**YOUR GOAL**. Transcribe the data that follows without changing a word, and omit the pictures.

**DATASET SECTION**.
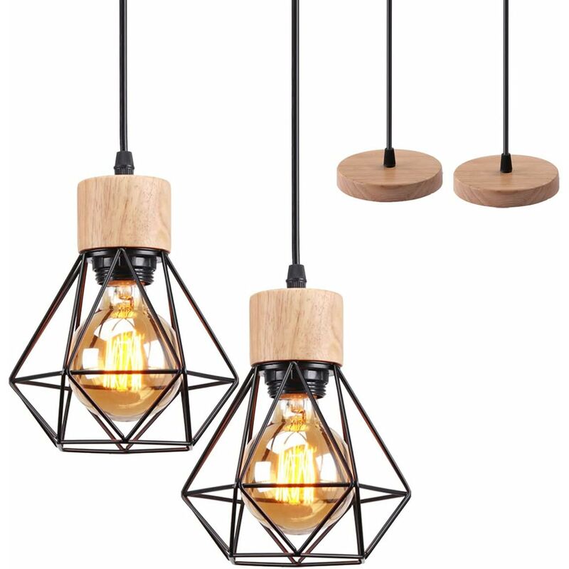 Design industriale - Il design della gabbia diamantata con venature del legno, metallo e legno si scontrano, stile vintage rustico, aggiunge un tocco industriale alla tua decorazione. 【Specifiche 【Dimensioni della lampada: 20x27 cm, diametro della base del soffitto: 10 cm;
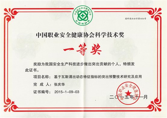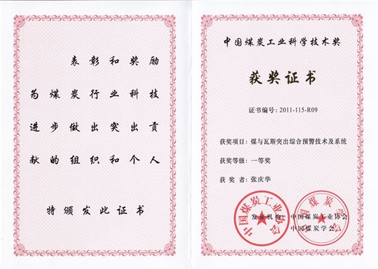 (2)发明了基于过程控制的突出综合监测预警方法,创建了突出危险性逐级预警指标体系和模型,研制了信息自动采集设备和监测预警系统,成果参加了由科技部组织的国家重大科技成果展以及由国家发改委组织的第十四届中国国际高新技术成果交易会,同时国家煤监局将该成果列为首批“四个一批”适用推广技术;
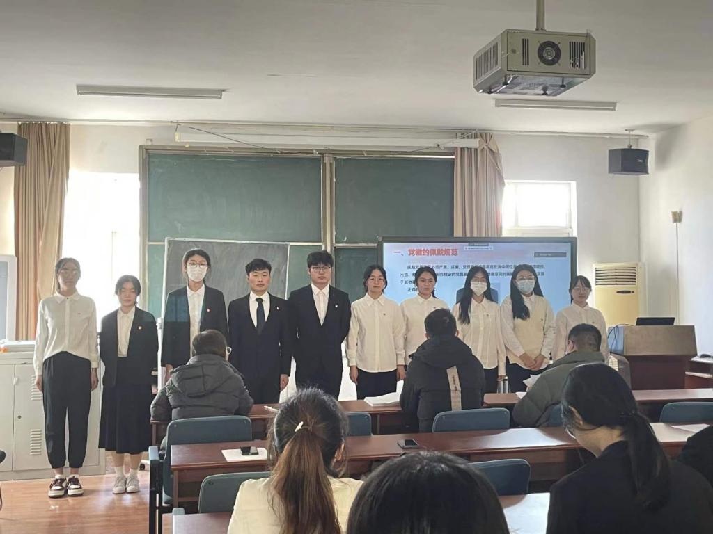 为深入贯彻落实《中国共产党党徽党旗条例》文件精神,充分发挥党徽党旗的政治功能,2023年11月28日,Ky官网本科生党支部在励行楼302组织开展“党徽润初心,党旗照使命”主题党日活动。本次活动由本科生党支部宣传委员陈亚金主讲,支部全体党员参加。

**EXERCISE RESPONSE**.
 Design industriale - Il design della gabbia diamantata con venature del legno, metallo e legno si scontrano, stile vintage rustico, aggiunge un tocco industriale alla tua decorazione. 【Specifiche 【Dimensioni della lampada: 20x27 cm, diametro della base del soffitto: 10 cm;
 (2)发明了基于过程控制的突出综合监测预警方法,创建了突出危险性逐级预警指标体系和模型,研制了信息自动采集设备和监测预警系统,成果参加了由科技部组织的国家重大科技成果展以及由国家发改委组织的第十四届中国国际高新技术成果交易会,同时国家煤监局将该成果列为首批“四个一批”适用推广技术;
 为深入贯彻落实《中国共产党党徽党旗条例》文件精神,充分发挥党徽党旗的政治功能,2023年11月28日,Ky官网本科生党支部在励行楼302组织开展“党徽润初心,党旗照使命”主题党日活动。本次活动由本科生党支部宣传委员陈亚金主讲,支部全体党员参加。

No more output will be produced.